One side of the bar is available by reservation only and features a series of “snugs,” or cozy booths, which are decked out to correspond to each of the menu sections. The Grand Hotel snug seats larger groups under a fancy chandelier, while the Scottish Pub is actually two little snugs, each accommodating a party of two. The other side is more open, has high barstools, and is for walk-in patrons. The menu served on this side will likely be simpler than that available at the snugs, though these details were not solidified at the time of my visit. The mezzanine level also accommodates walk-ins, though in the future it may be available by reservation to large parties. The walls are covered in vintage alcohol advertisements, which should be excellent conversation starters. Keep your eyes peeled for Pierce Brosnan with ’80s hair.

As of Tuesday June 19th, the regular hours will be 5pm-2am, Monday through Saturday. You’ll be able to make reservations on their website if you’d like a reserved spot. Until Saturday June 16th, you can stop in for the soft opening after 6pm, though note that they will be closed Sunday June 17th and Monday June 18th. 441 Jones Street at O’Farrell, 415-474-2284.

707 scout

Wine Country Buzz (it’s what happens there)

Healdsburg Hotel's Pizzando, Christmas in June


Hotel Healdsburg (courtesy of Hotel Healdsburg).


Davis Family Vineyards in Healdsburg (courtesy of Davis Family Vineyards).


Chef Christopher Kostow of the Restaurant at Meadowood (courtesy of Meadowood).

By 707 correspondent Heather Irwin.

Chef Louis Maldonado of h2hotel’s SPOONBAR has been tapped to open a new wood-fired pizzeria at sister property HOTEL HEALDSBURG in August. Dubbed Pizzando, it looks to be more than just another upscale pizzeria, with former A16 chef Liza Shaw consulting on the menu. Also involved is Paolo Petron of Mill Valley’s venerable PIAZZA D’ANGELO, whose hospitality group manages Hotel Healdsburg, h2hotel, and Spoonbar. Hotel Healdsburg also houses Charlie Palmer’s DRY CREEK KITCHEN.

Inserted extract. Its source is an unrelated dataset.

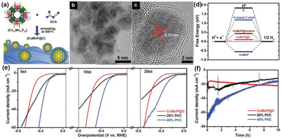 Utilizing polyoxometalate (Co16Mo16P24) and dicyandiamide (DCA) as precursor, Ma et al. [77] fabricated CoMoP nanocrystals covered by a small amount of N-doped carbon shells (CoMoP@C) by pyrolysis under a nitrogen atmosphere at 800 °C (Figure 8a). Using a transmission electron microscope, it was observed that the morphology structure of CoMoP@C exhibited a typical core-shell structure (Figure 8b,c). The CoMoP was wrapped with several layers of graphite carbon, which could effectively prevent the corrosion of harmful ions. The doping of N increased the electron density in the graphite carbon shell and enhanced the HER activity, as confirmed by a density functional theory calculation (Figure 8d). In the actual seawater test, researchers found that the performance of CoMoP@C decreased by less than 5% after 20 cycles, while that of Pt/C rapidly decreased by 40% (Figure 8e). To further study the impact of N-doped carbon shells on stability, the i-t testing of CoMoP NPs and CoMoP@C in seawater electrolysis was tested (Figure 8f). The results indicated that the CoMoP@C remained stable for 10 h without any change in current density. In the absence of N-doped carbon shell protection, the current density of CoMoP NPs decreased by more than 75% within 3 h. The above series of experiments showed that the remarkable stability of the catalyst was attributed to the carbon layer, protecting the catalyst from toxicity and corrosion during seawater electrolysis.

Want to get an advance look? Maldonado will preview the menu at a series of bimonthly pop-ups inside Spoonbar beginning Wednesday June 27th. Expect gourmet pizza (made in a portable Mugnaini oven, natch) with stinging nettles, burrata, lardo, or hen-of-the-woods mushrooms; fried chicken; the chef’s own take on spaghetti carbonara; and grilled romaine hearts to make appearances. The three-course tasting menu, $32, is served family style. Limited seatings by reservation. 219 Healdsburg Ave. at Westside Rd., Healdsburg, 707-433-7222.

Meanwhile, longtime Cal-Ital trattoria BOVOLO is pulling up stakes from its downtown Healdsburg location at 106 Matheson Street. Co-owner John Stewart, also of ZAZU RESTAURANT + FARM, says they’ll be moving to the nearby DAVIS FAMILY VINEYARDS tasting room. 52 Front St. at Hudson, Healdsburg, 707-433-3858.

In St. Helena, it seems it’s never too early to start thinking about Christmas. The RESTAURANT AT MEADOWOOD has announced its annual TWELVE DAYS OF CHRISTMAS chef and vintner lineup for 2012 with some sparkling-bright names attached. The luxe eat-and-drink-a-thon and benefit pairs Michelin-starred chef Christopher Kostow with esteemed toques. Beginning with chef Scott Anderson of New Jersey’s ELEMENTS on December 7th, the list includes Jason Franey of Seattle’s CANLIS, Oakland’s James Syhabout of COMMIS, and Josh Habiger and Erik Anderson of the CATBIRD SEAT in Nashville. Vintners participating in the dinners include PHILIPPE MELKA and Bill Harlan of BOND. 900 Meadowood Lane, St. Helena. Tickets start at $1,240 (includes lodging and dinner for two), and reservations can be made by calling 707-967-1205.